Interestingly, the store manager had a policy that any software that wasn't sealed in the box internally could be borrowed. All software of that era came on CD's and floppies in shrink wrapped cardboard boxes, and there was a shrink wrap machine and heatgun in the back room.

Also Not For Resale (NFR) copies were awesome. Like $10-30 for products that costed $50-1000 (in 1996 USD).
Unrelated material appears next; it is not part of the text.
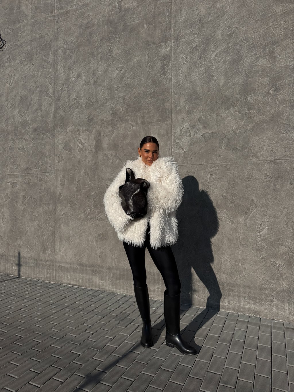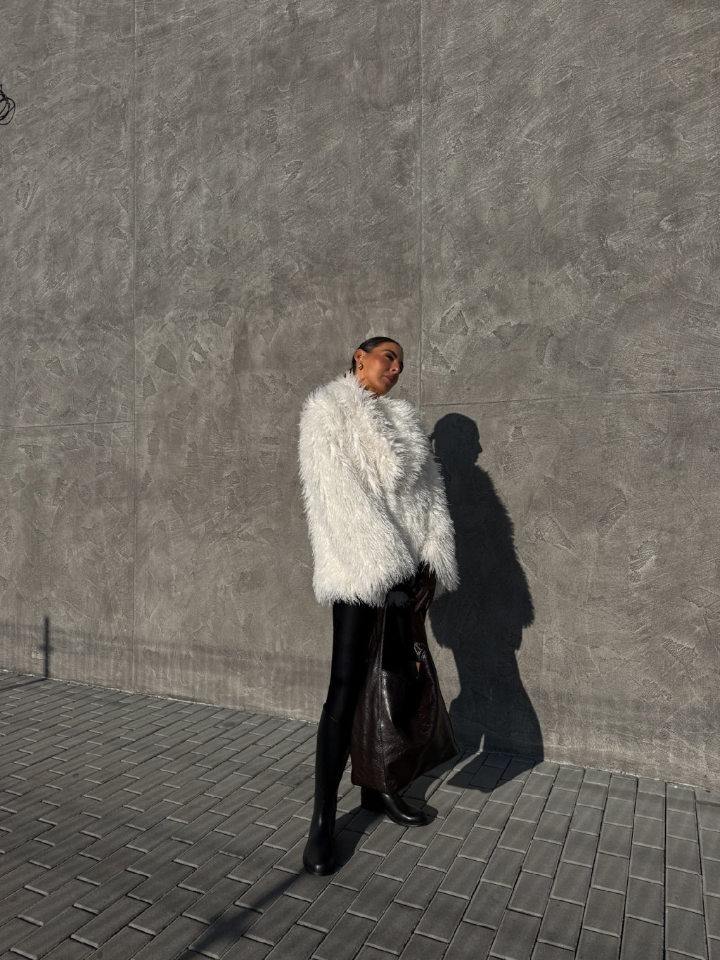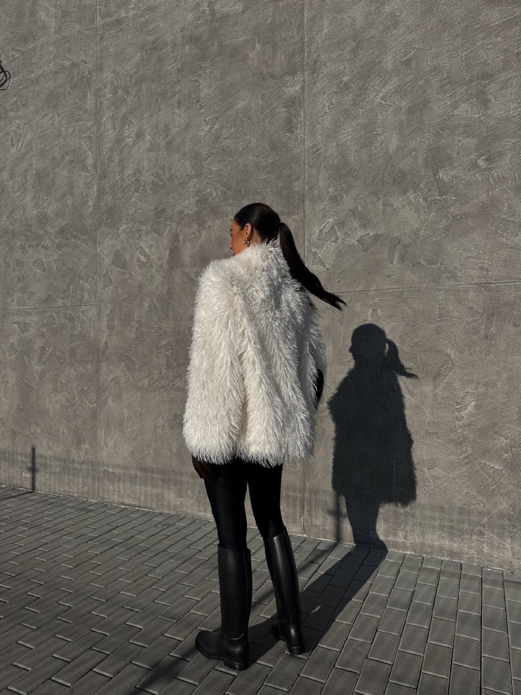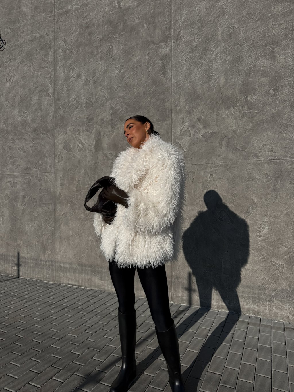 HUŇATÝ PRODLOUŽENÝ KOŽÍŠEK off white

While local SV stores like NCA Peripherals also didn't survive because there were too many tiny and medium-sized hardware-focused stores. In the mid 80's and early 90's there were zillions of tiny, PC hardware stores in strip malls in SV similar to but more spread out than Huaqiangbei. Curiously though, Central Computer Systems were large and diversified enough with servers, networking, PC parts, and software, to survive. Micro Center also. Fry's, CompUSA, RadioShack, and CircuitCity weren't sufficiently adept at competing online when Amazon and such killed them off in turn, only BestBuy made it through so far.